FIG. 12 shows the measurement result of the relationship between the retardation R and the lens height H. The retardation R tends to increase near the center of the main body 101, but is within 110 nm. The relationship between the retardation R and the phase difference δ _r in the main body 101 can be expressed by the following equation (1) using the measurement wavelength λ.

FIG. 13 shows the measurement result of the relationship between the stray light ratio Pg and the lens height H when linearly polarized light is incident on the main body 101 alone. Incidentally, the stray light ratio Pg is dependent on the size of the principal axis directions θ and the phase difference [delta] _r.

  The fine structure portion 102 is formed by arranging a plurality of rectangular parallelepipeds at intervals shorter than the wavelength of incident light, and is formed integrally with the main body portion 101. Here, as an example, as shown in FIG. 14, the height of the rectangular parallelepiped is D, the thickness of the rectangular parallelepiped is W, and the length of the rectangular parallelepiped is L. L> W. That is, the longitudinal direction of the rectangular parallelepiped is the longitudinal direction of the rectangular parallelepiped. The refractive index of the rectangular parallelepiped material is n.

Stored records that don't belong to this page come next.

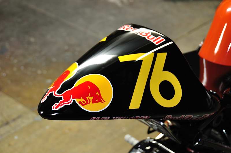 そしていろいろ考えていた際に見たF1のデザインを参考に、お尻にも牛を配置。 |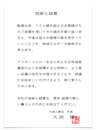 大渕工務店は昭和57年に営業を始め以来、木の家つくりを生業として地元館山市を中心として仕事をしてきました。現在までに数多くの家及び建物をつくり、30年以上の年月を経過して現存する家も数多くあります。さらに保守点検を継続的に行っている家も数多くあります。あたりまえの事だと言われそうですが家は建てたら終わりではありません。家をつくった工務店が定期点検を行い、維持管理のアドバイスをしながら必要に応じて改修、リフォームを行います。そうして、家がある限りは住まい手が安心快適に暮らせるように家を守り続けていくのが工務店としての使命だと考えています。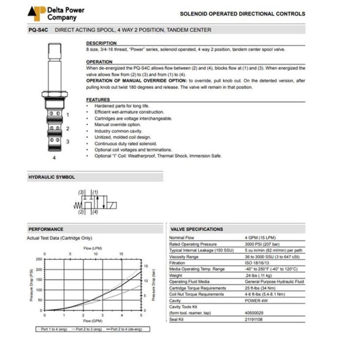 PQ-S4C-VM DELTA POWER, 4W2P SPOOL TANDEM CENTER, POWER SERIES 8 SIZE, 3/4-16 THREAD, W/ VITON SEALS, OVERRIDE & DETENT, PQ S4C VM, PQS4CVM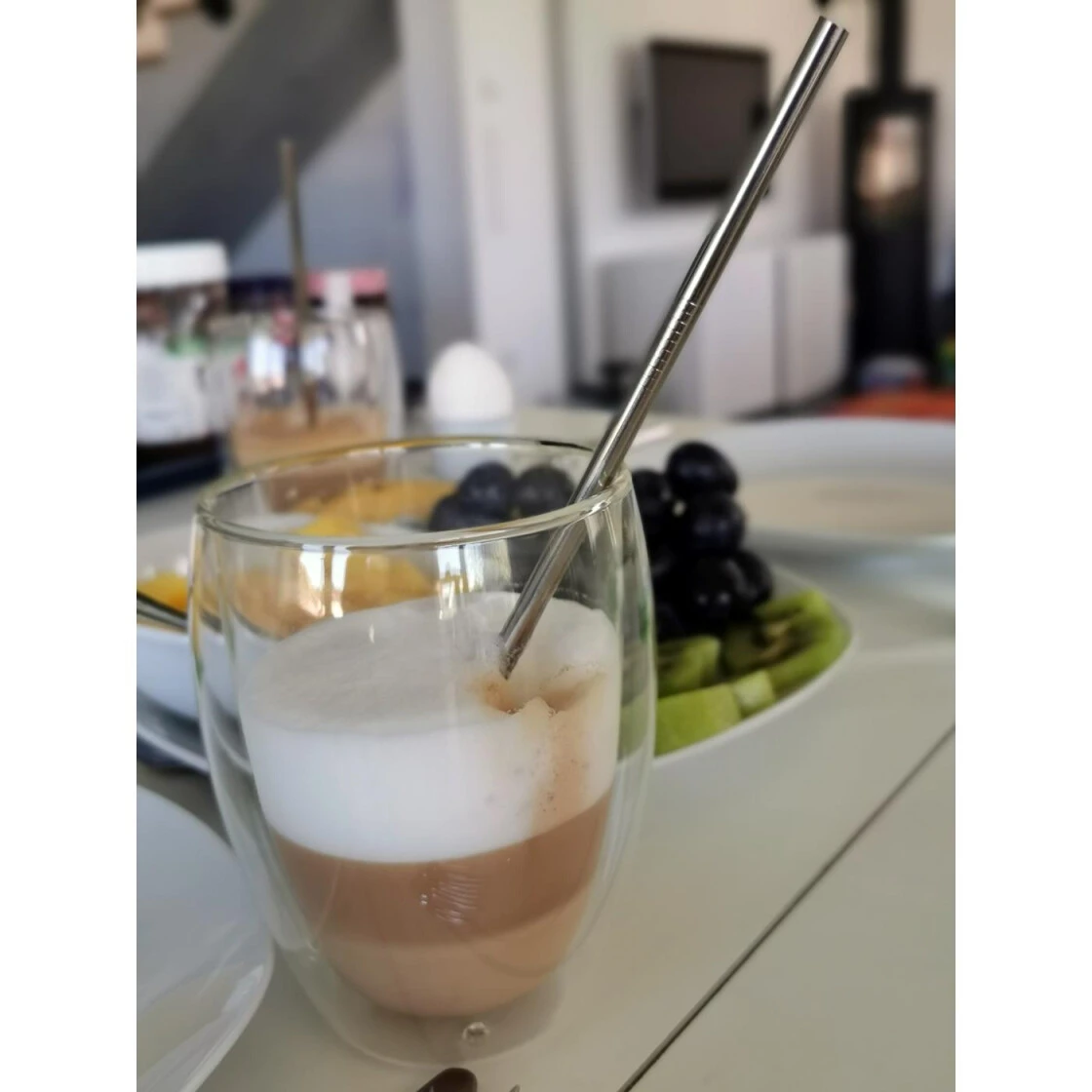 Die umweltfreundlichen Edelstahl-Strohhalme sind wiederverwendbar und verfügen über ein abgerundetes Mundstück für sicheres und komfortables trinken. Einfache Reinigung mit der beiliegenden Reinigungsbürste oder in der Spülmaschine.

  The plurality of rectangular parallelepipeds are formed such that their length directions (longitudinal directions) are the same as the main axis direction θ of the main body 101 based on the measurement result of FIG. 11. In addition, the length direction of the rectangular parallelepiped at this time is also referred to as “TE direction”, and the thickness direction is also referred to as “TM direction”. As an example, as shown in FIG. 15, P is an arrangement pitch of a plurality of rectangular parallelepipeds in the TM direction. Therefore, the interval between two adjacent rectangular parallelepipeds is PW.

Incidentally, the effective refractive index n _TE in the TE direction in the fine structure portion 102 can be estimated by the following equation (2).

In addition, the effective refractive index n _TM in the TM direction in the microstructure 102 can be estimated by the following equation (3).

  Note that f in the above equations (2) and (3) is called a filling factor, and is obtained by the following equation (4).

Further, the phase difference δ _s in the fine structure 102 with respect to the wavelength λ of the incident light can be obtained by the following equation (5).

Accordingly, based on the retardation R of the main body 101 measured as shown in FIG. 11, the phase difference δ _r is calculated for each lens height H using the above equation (1), and the following ( By determining the fine structure 102 so that the expression 6) is satisfied, it is possible to suppress the change in the polarization state of light when passing through the scanning lens 2105B that is a resin scanning lens.

FIG 16, L = 100μm, P = 200μm, n = 1.52583 and then, the relationship between the stray light ratio _{P g} and the lens height H when changing according the cuboid height D to the lens height H The measurement results are shown. Compared with FIG. 13, it can be seen that the stray light ratio is effectively reduced.

Since the phase difference δ _r can be adjusted by changing the filling factor f, for example, the thickness W of the rectangular parallelepiped may be changed according to the lens height H, and the arrangement pitch P of the rectangular parallelepiped may be set. It may be changed according to the lens height H. However, adjusting the height D of the rectangular parallelepiped (1) makes it easier to process the mold for molding. (2) Since the sensitivity is high, the above equation (6) should be satisfied with a small adjustment amount. There is an advantage that you can.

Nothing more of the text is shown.